= DATA TO EXAMINE =
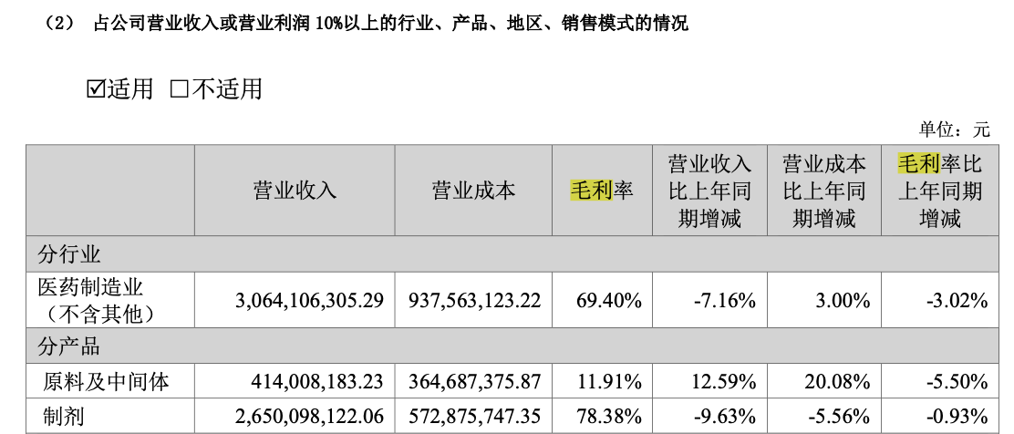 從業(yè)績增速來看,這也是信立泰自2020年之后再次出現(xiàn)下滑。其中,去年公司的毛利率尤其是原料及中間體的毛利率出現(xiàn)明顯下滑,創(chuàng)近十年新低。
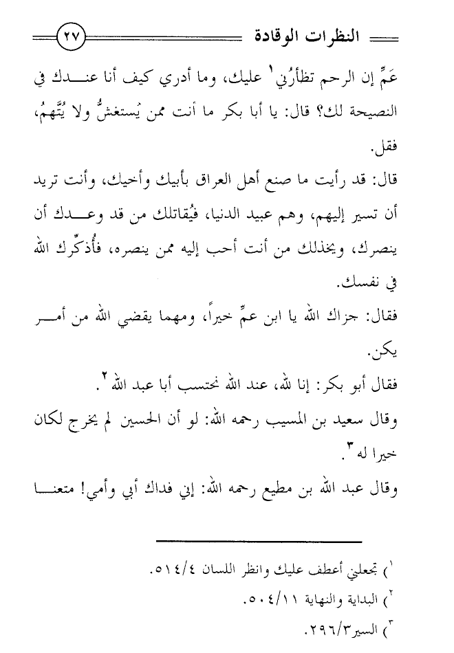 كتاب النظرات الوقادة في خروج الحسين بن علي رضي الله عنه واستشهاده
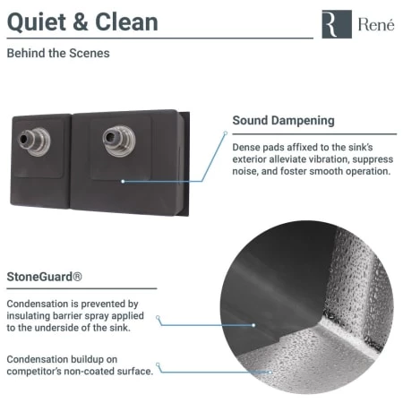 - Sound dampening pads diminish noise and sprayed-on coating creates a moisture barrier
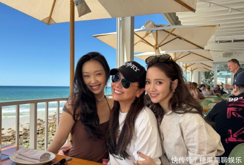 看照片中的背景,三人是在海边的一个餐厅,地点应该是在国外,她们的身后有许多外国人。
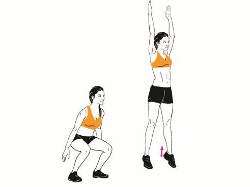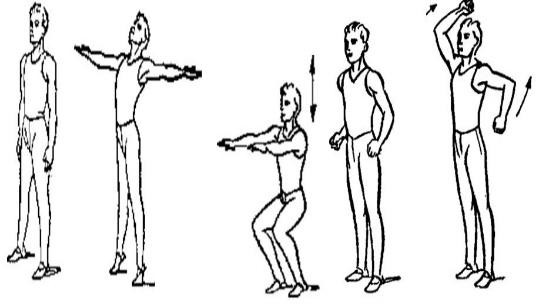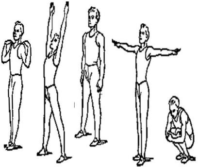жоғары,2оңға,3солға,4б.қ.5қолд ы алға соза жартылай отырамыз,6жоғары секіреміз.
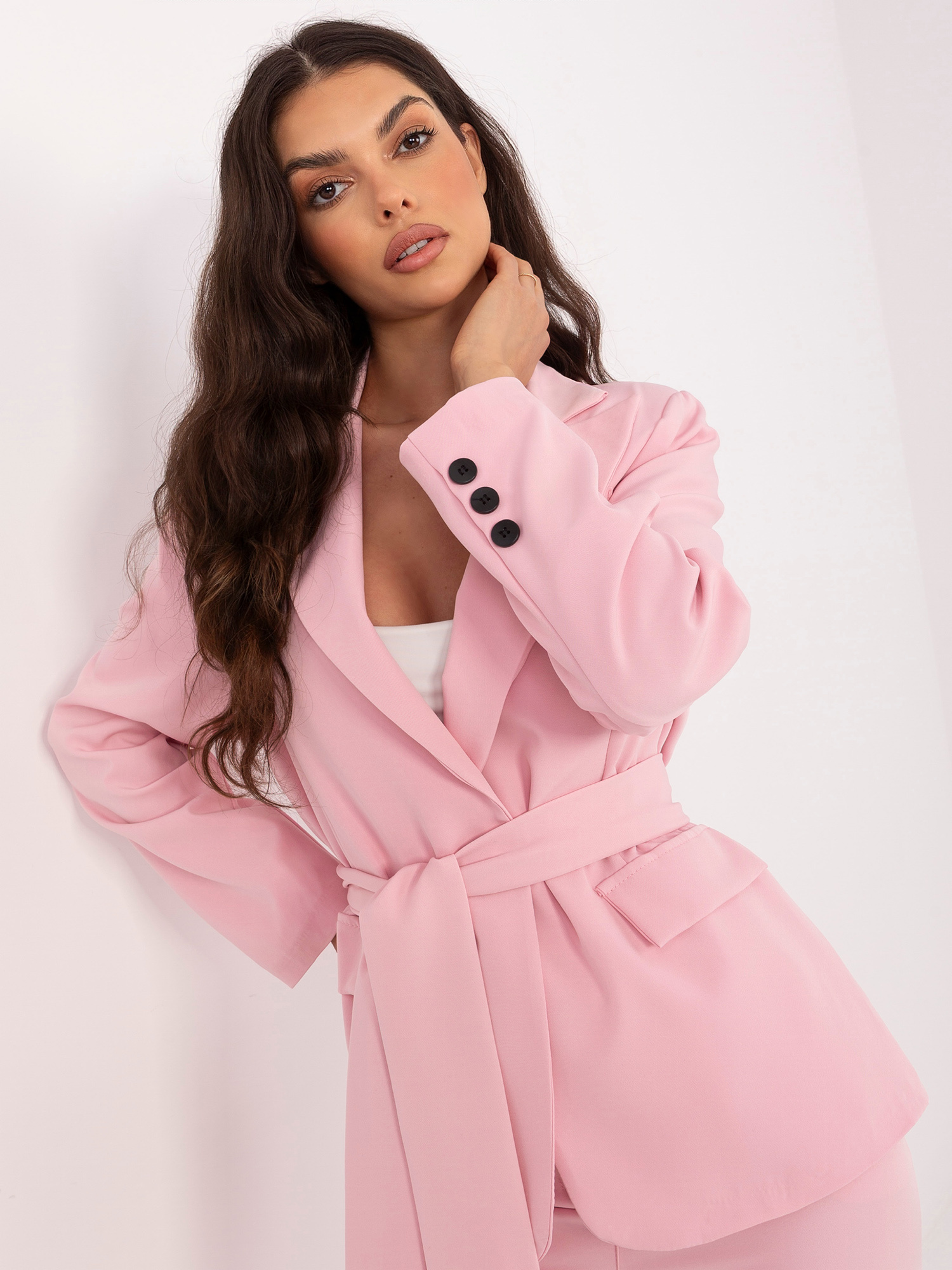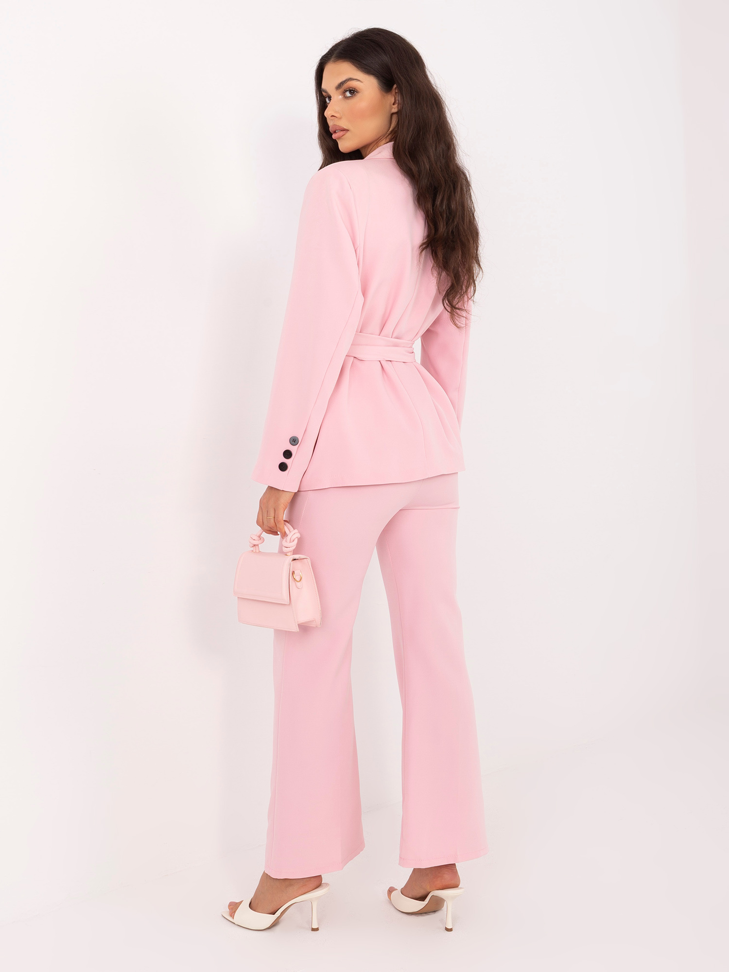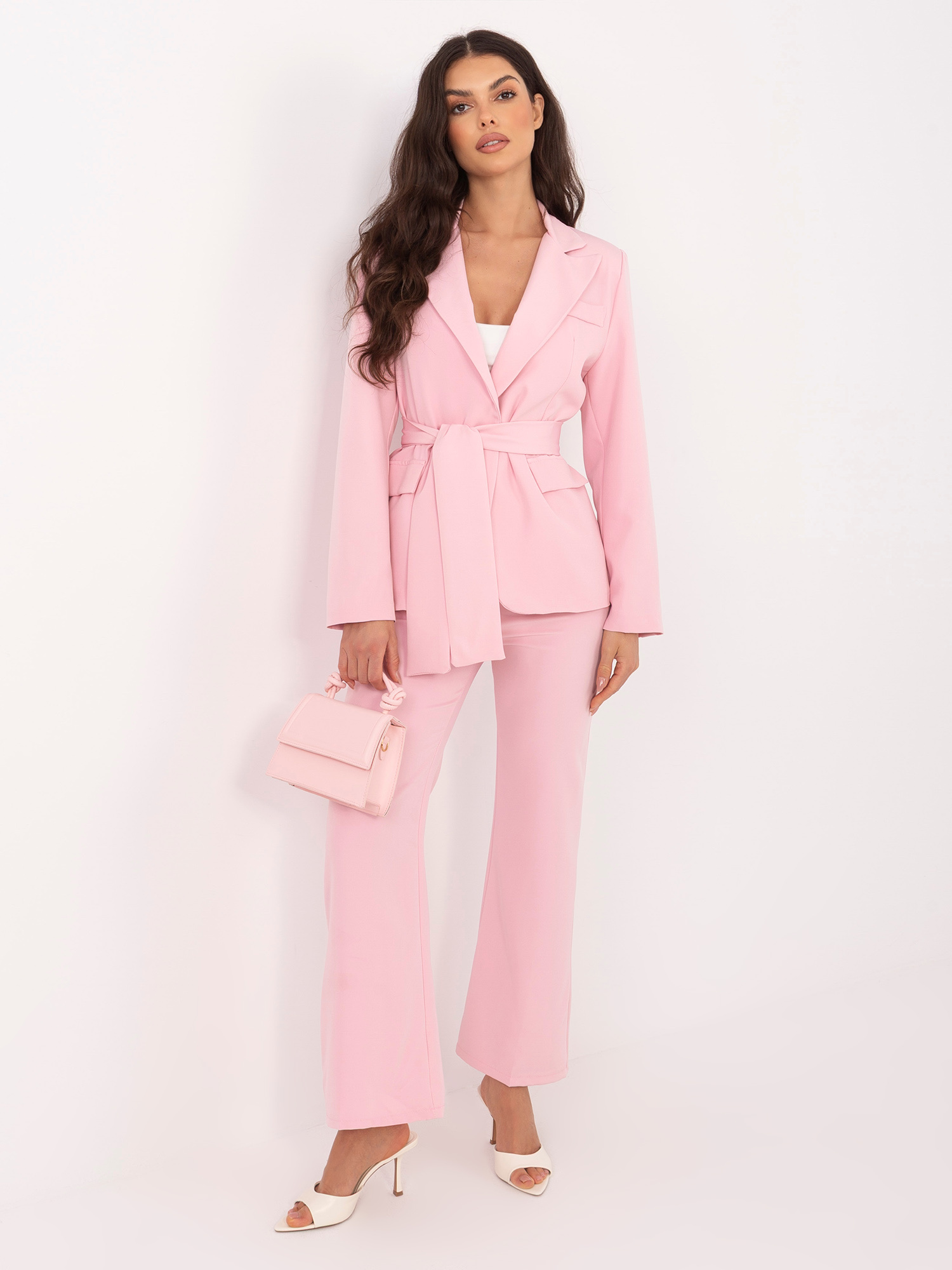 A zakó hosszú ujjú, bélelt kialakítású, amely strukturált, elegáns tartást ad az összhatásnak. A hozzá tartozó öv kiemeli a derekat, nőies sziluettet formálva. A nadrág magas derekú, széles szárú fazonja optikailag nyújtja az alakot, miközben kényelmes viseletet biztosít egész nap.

= PROBLEM DESCRIPTION =
Your task is to copy only the lines above starting at the one containing "- Sound dampening" and ending at the one containing "жоғары,2оңға,3солға,4б.қ.5қолд ы алға". Copy them exactly, both ends included, and omit the pictures.

= SOLVED PROBLEM =
 - Sound dampening pads diminish noise and sprayed-on coating creates a moisture barrier
 看照片中的背景,三人是在海边的一个餐厅,地点应该是在国外,她们的身后有许多外国人。
жоғары,2оңға,3солға,4б.қ.5қолд ы алға соза жартылай отырамыз,6жоғары секіреміз.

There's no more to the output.